Where does this stem from? I believe it comes from a sense of finding myself, I found out at an early age I was adopted. I had this explained to me of course but as a child you don’t truly know what this means until you get older and of course as an adoptee you don’t ask many questions, you bury it, and it becomes a part of you. I of course can’t speak for all adoptees only myself since, well, that’s who this is about.
I can tell you that this “secret” which I really didn’t keep as one breed resentment and anger in me. I felt as though I didn’t fit in. I felt as though I wasn’t wanted. I felt like there was something wrong with me. I tortured me for years. I was shy, I hid, I barely spoke to people because although it wasn’t a secret and I would spit it out in anger to my mother and anyone else that dared complain about their parents, I was mad. I carried this with me most of my life. I would reject almost anyone that got close to me out of fear that they too would find out I wasn’t good enough.

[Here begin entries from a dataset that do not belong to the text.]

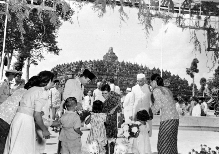 President Soekarno and the Indian prime minister Nehru watching Indira Gandhi receiving flowers during a visit to the Borobudur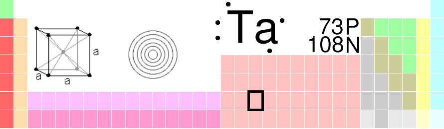 Image by GreatPatton and released under terms of the GNU FDL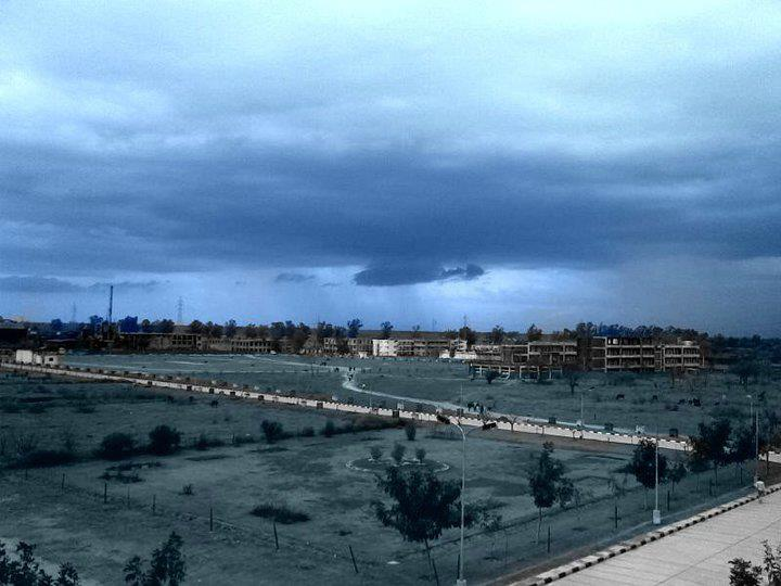 rayat campus

I have been married three times, none of them have lasted, I can say that that my first marriage probably suffered the most due to my issues with acceptance and belonging, I made a lot of demands on him to prove himself to me and I was not always the nicest person to be around, but I also learned a lot about myself because of that marriage and the fact that he got me into my 20+ years of counseling that I am still in. My subsequent marriages failed because my lack of self-worth allowed me to pick men that had no value for me and that is my own fault for allowing that trauma brain to rule my life.
I am now in my late 40’s and finally understanding that I am a person based in trauma, I didn’t understand that before, I didn’t understand that I have lived my entire life in survival mode and that I didn’t always need to feel threatened.
I found my birth mom a little over 2 years ago, it put a lot of pieces together for me and it made all those stories in my head that I had told myself stop. It wasn’t that she didn’t want me, she did, she HAD to give me up for MY safety. I am grateful she did. I am also grateful that my parents never held the truth from me about who I was although growing up it was hard knowing I had a completely different identity than the one I knew. I am also grateful that I was able to grow up where I was born so I could know the culture that I came from. Most importantly I am grateful that I now know that my oddities come to me naturally, they are just a part of my DNA and that I am so much like my mother it is ridiculous.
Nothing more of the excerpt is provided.